DIRECTIONS ::
Retype only what runs from the first line of the listing to the line holding "498 | 138841 |", both included. Do not retype the pictures.

THE DATA ::
....
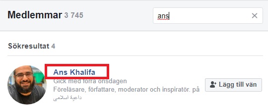 I Facebookgruppen syns flera framstående islamister bland annat Anas Khalifa som enligt Doku har spridit extremism i femton års tid. Redan år 2004 skrev Khalifa på hemsidan ”Om islam” där han bland annat hyllade Usama bin Laden, uppmanade till väpnad jihad och spred antisemitism.
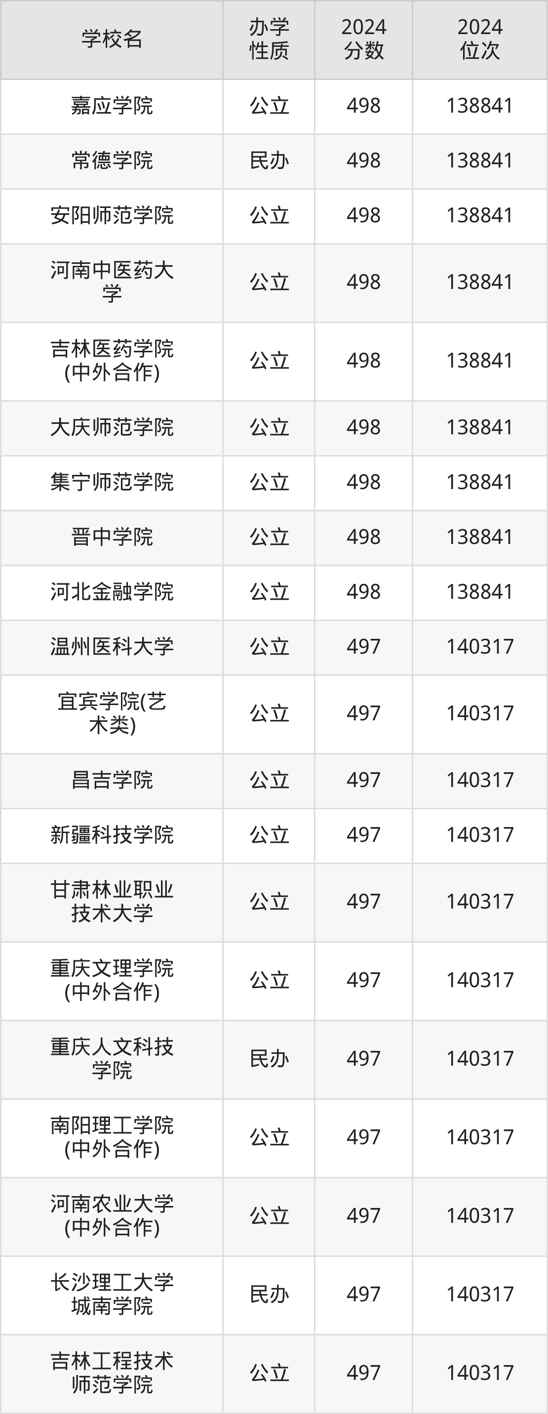 | 吉林医药学院 (中外合作) | 498 | 138841 |
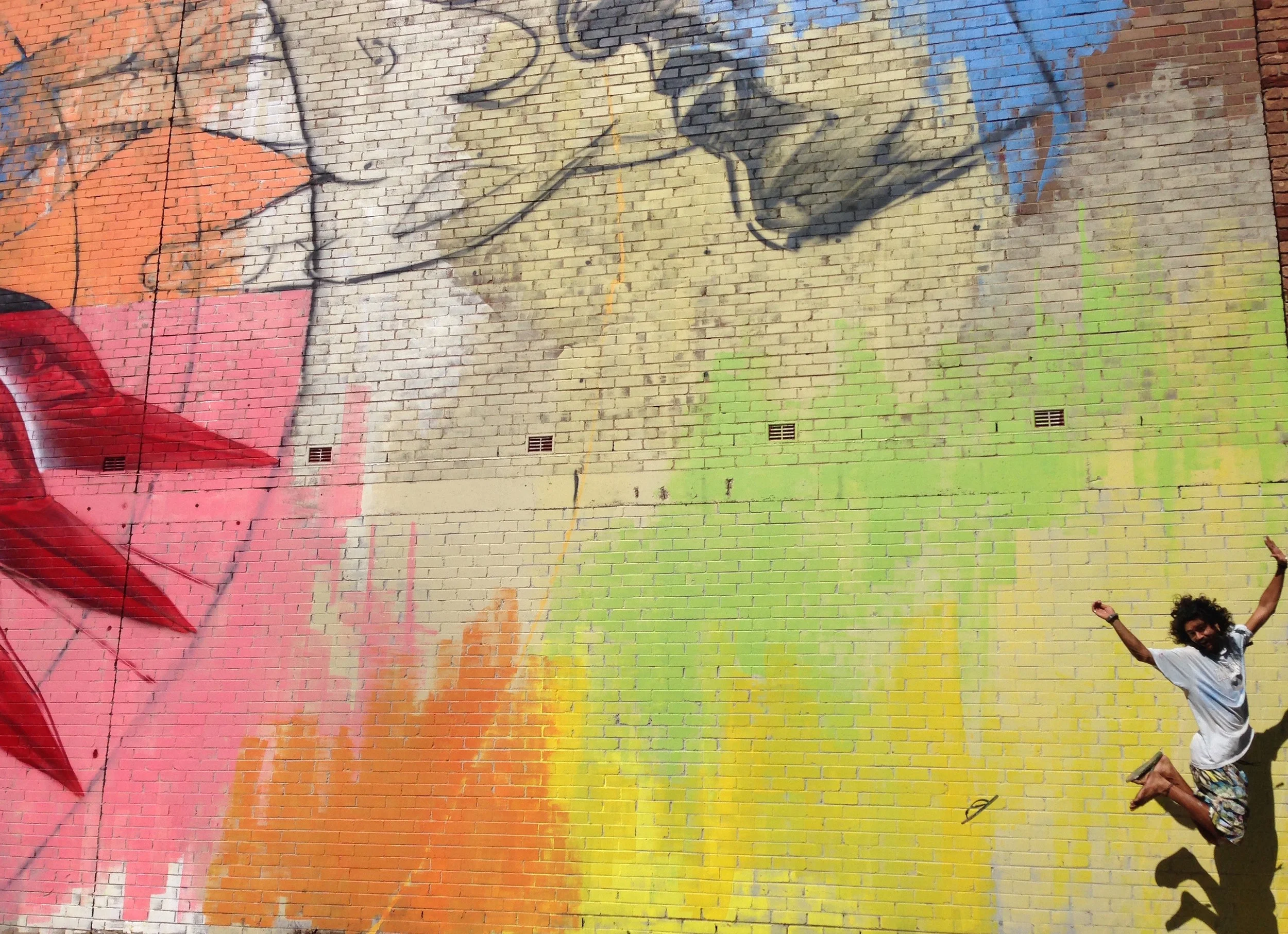 In January 2017, the inaugural Welcome Walls was a key feature in the Parramatta Australia Day celebrations which welcomed over 60,000 people who enjoyed 36 hours of art, culture and entertainment. Welcome Walls facilitated two interactive mural wall sites, led by artists Aroha Groves and Xander 'knoswet' Zee, that invited the public to engage and participate in the creation of a community mural. In the weeks following, 3 large scale walls in Parramatta's Church Street and Liverpool Girls School were completely transformed by striking mural design.
....
OUTPUT ::
 I Facebookgruppen syns flera framstående islamister bland annat Anas Khalifa som enligt Doku har spridit extremism i femton års tid. Redan år 2004 skrev Khalifa på hemsidan ”Om islam” där han bland annat hyllade Usama bin Laden, uppmanade till väpnad jihad och spred antisemitism.
 | 吉林医药学院 (中外合作) | 498 | 138841 |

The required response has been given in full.